#### WHAT IS EXPECTED
The output should be the listing below, limited to the lines from the one with "桃の花が満開に近くなりましたが、今年は遅いようです。" through the one with "在广西大学,同学们参观海洋科", exact and without pictures.
*** RECORDS PROVIDED ***
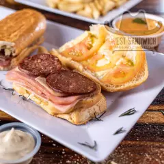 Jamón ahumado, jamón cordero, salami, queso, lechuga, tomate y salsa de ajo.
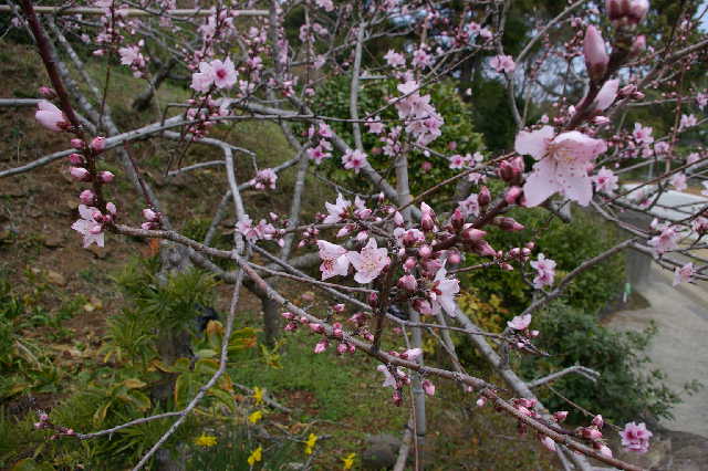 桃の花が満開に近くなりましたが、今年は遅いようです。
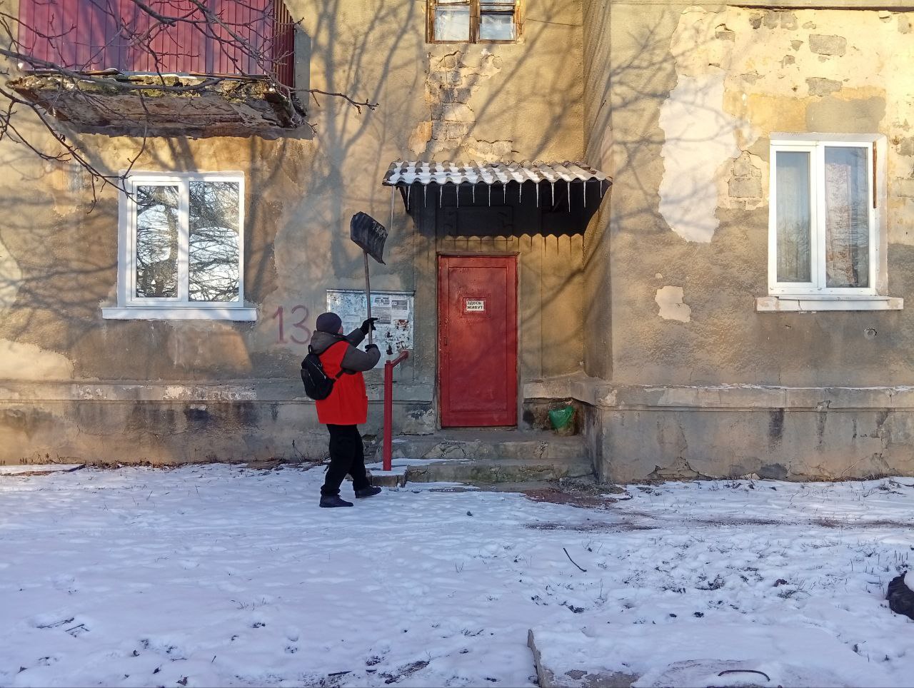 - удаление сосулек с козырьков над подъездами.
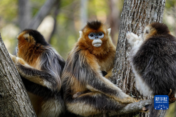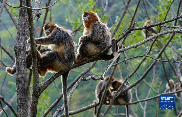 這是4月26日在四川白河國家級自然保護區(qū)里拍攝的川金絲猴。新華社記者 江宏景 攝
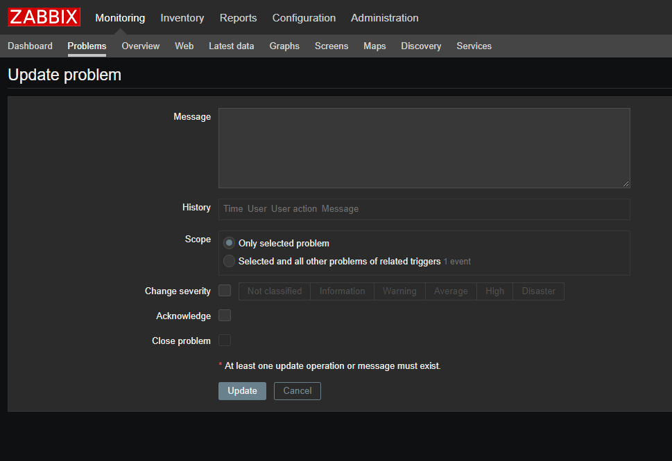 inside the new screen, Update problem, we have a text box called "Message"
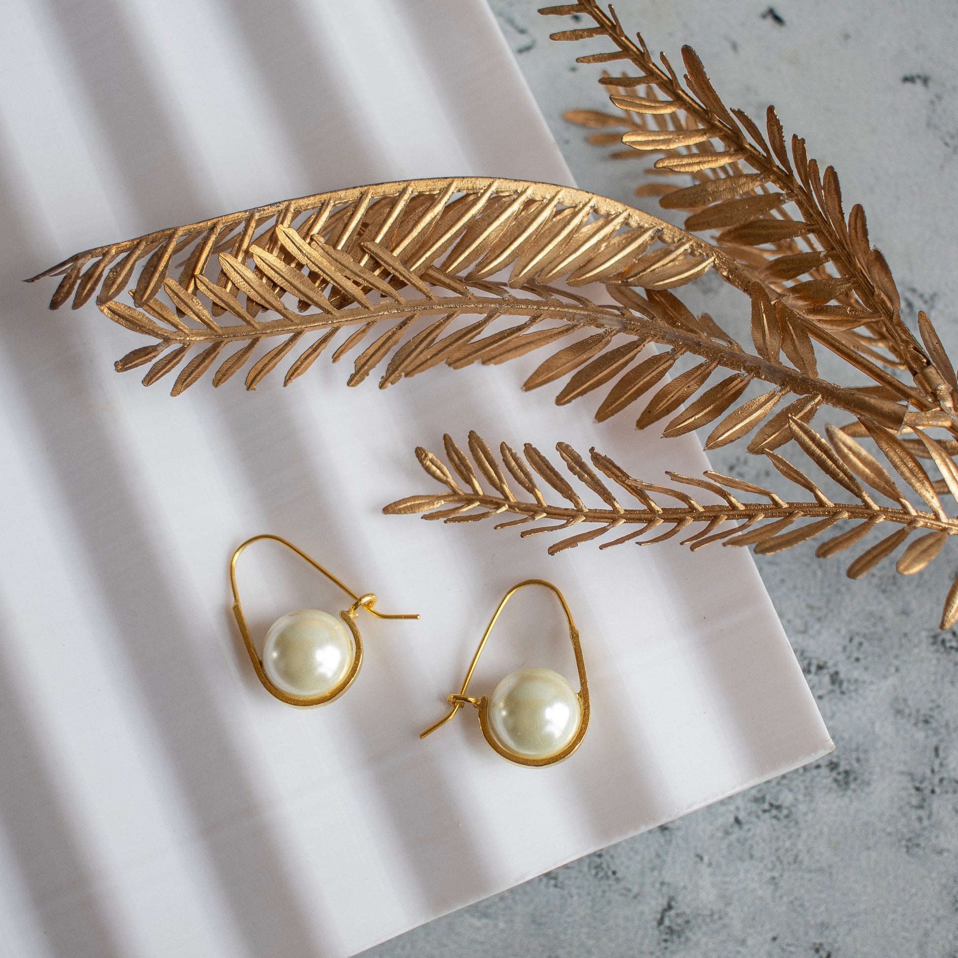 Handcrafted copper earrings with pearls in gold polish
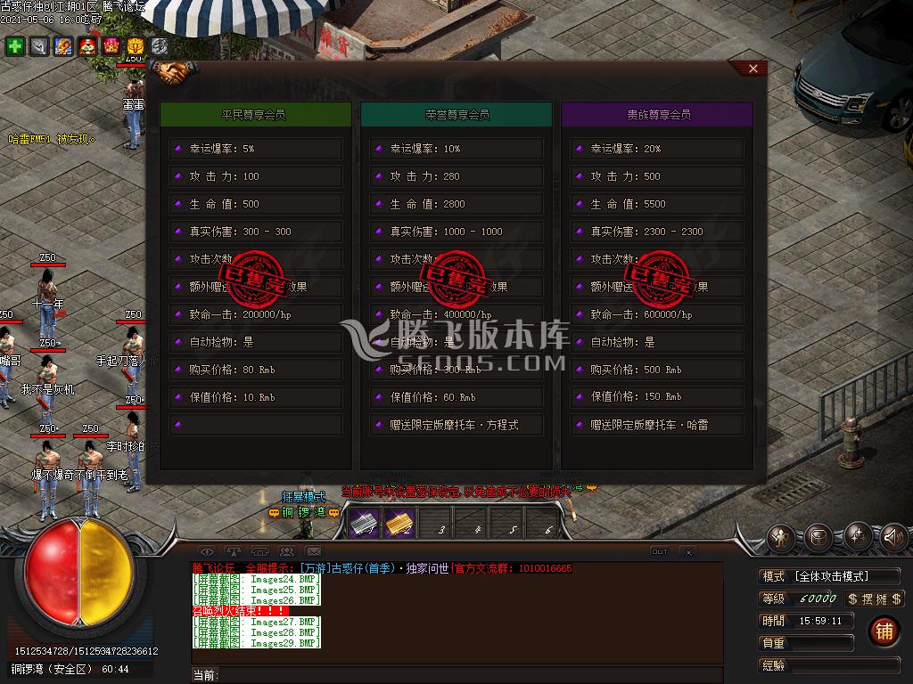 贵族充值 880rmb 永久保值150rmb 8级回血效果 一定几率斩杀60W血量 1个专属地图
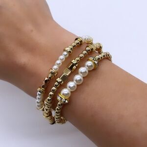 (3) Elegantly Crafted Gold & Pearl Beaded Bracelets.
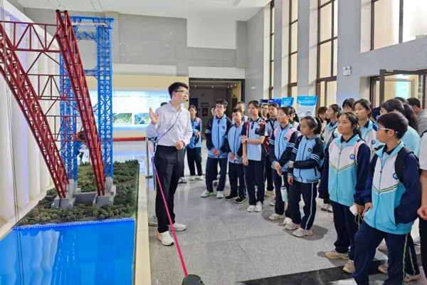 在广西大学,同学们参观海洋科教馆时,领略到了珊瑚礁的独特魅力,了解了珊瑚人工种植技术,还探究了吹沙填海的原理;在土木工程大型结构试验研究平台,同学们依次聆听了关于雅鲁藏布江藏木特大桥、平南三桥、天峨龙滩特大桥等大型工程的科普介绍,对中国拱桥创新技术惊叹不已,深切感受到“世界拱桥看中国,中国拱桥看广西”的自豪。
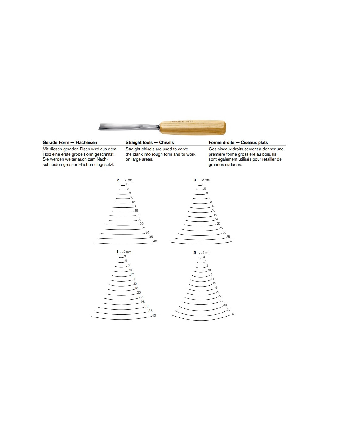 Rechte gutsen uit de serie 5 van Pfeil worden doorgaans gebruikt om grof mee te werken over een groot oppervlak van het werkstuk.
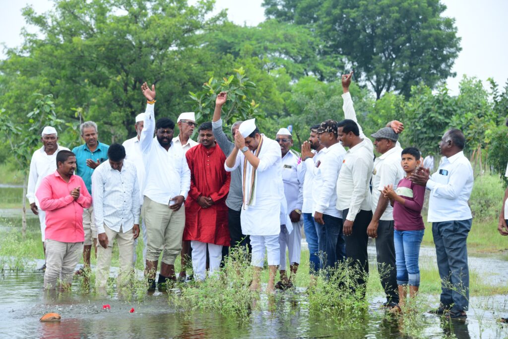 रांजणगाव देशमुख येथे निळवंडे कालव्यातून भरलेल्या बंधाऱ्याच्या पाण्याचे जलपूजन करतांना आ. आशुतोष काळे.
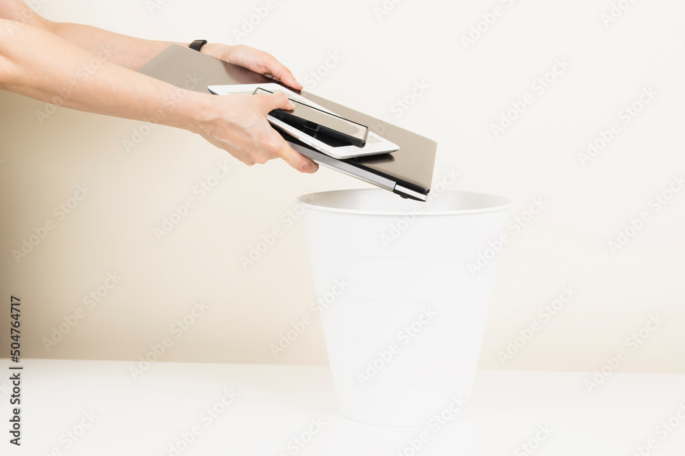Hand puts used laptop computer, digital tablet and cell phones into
*** End of RECORDS PROVIDED ***
#### OUTPUT FOR THIS EXERCISE
 桃の花が満開に近くなりましたが、今年は遅いようです。
 - удаление сосулек с козырьков над подъездами.
 這是4月26日在四川白河國家級自然保護區(qū)里拍攝的川金絲猴。新華社記者 江宏景 攝
 inside the new screen, Update problem, we have a text box called "Message"
 Handcrafted copper earrings with pearls in gold polish
 贵族充值 880rmb 永久保值150rmb 8级回血效果 一定几率斩杀60W血量 1个专属地图
 (3) Elegantly Crafted Gold & Pearl Beaded Bracelets.
 在广西大学,同学们参观海洋科教馆时,领略到了珊瑚礁的独特魅力,了解了珊瑚人工种植技术,还探究了吹沙填海的原理;在土木工程大型结构试验研究平台,同学们依次聆听了关于雅鲁藏布江藏木特大桥、平南三桥、天峨龙滩特大桥等大型工程的科普介绍,对中国拱桥创新技术惊叹不已,深切感受到“世界拱桥看中国,中国拱桥看广西”的自豪。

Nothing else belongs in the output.